You mean I look like a Topping salesman? Hahaha, that's really funny. I'm from ChilE, not ChinA, and of course, I have no affiliation with Topping. I simply don't see the design flaw that you see as so obvious. But of course, I respect your opinion.
Haha don’t worry — I wasn’t calling
you a Topping salesman. I meant that the
argument (“1 kΩ is fine, stop worrying”) sounded like something a marketing guy would say, because from an engineering standpoint it
is an unusually low input impedance, and that choice deserves at least a raised eyebrow.
That said, your point is fair too:
- If the DAC can comfortably drive 1 kΩ (and many solid-state outputs can), then in practice nothing catastrophic happens.
- The noise advantage is real.
- Some users will never notice any issue.
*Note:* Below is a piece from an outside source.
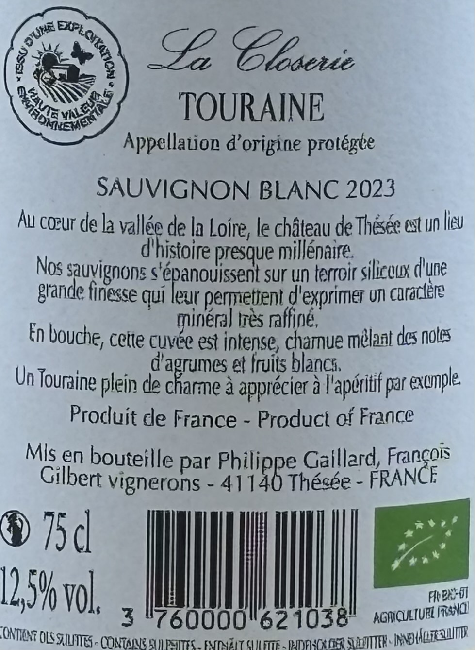 Denne vin kommer fra Touraine i Loire-dalen i Frankrig og er produceret af Château de Thésée. Vinen bærer appellationen AOP Touraine og er lavet på Sauvignon Blanc fra et fint, siliciumholdigt terroir, som giver vinen dens mineralske præg og elegante stil. Det er en klassisk Loire-hvidvin med friskhed, charme og tydelig regional karakter.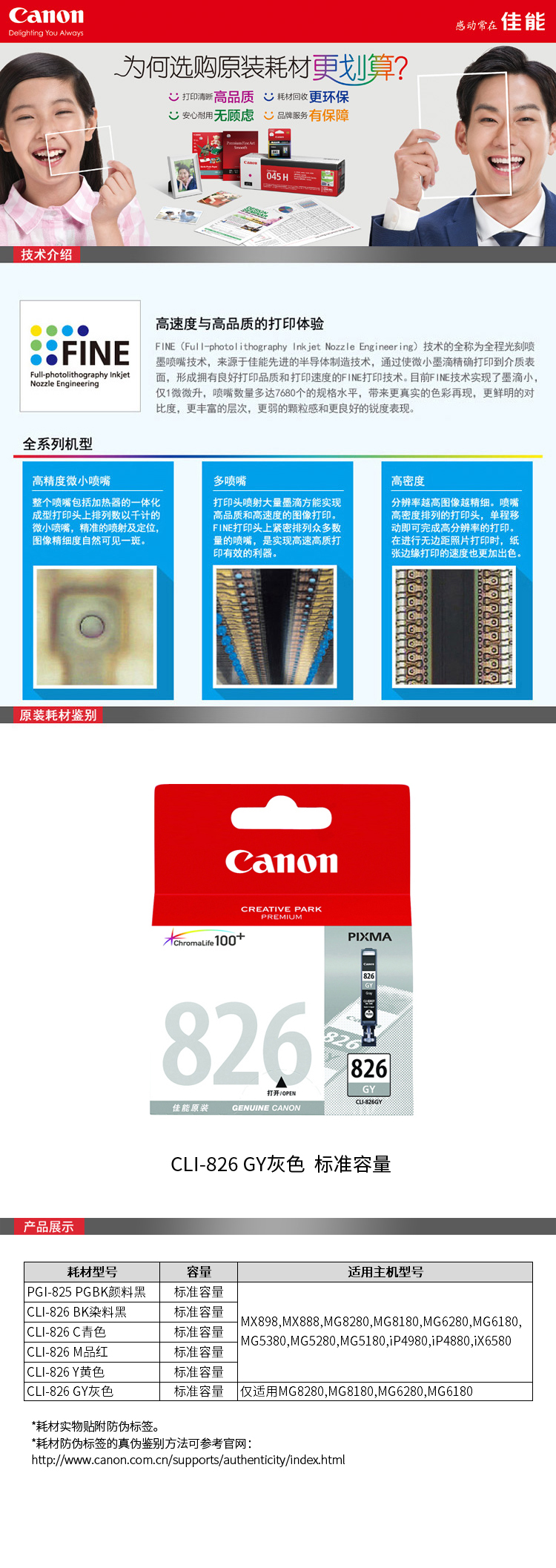 佳能墨盒 CLI-826 灰色墨盒 適用:MX898、MG6280、iP4980、iX6580 單位:支

But the reason I call it a “design flaw” is simply that
it breaks the expectation of standardized line-level equipment. The whole idea of RCA line inputs is
don’t load the source heavily, so devices remain interoperable. When one manufacturer decides to go down to 1 kΩ, suddenly:
- Some DACs or preamps are no longer a good match.
- Frequency response may vary depending on the source.
- Output stages with higher impedance may distort earlier.
- Passive preamps become unusable.
So it’s not about Topping specifically, it could be
any brand, it just feels like an odd engineering compromise that trades compatibility for measurable noise specs.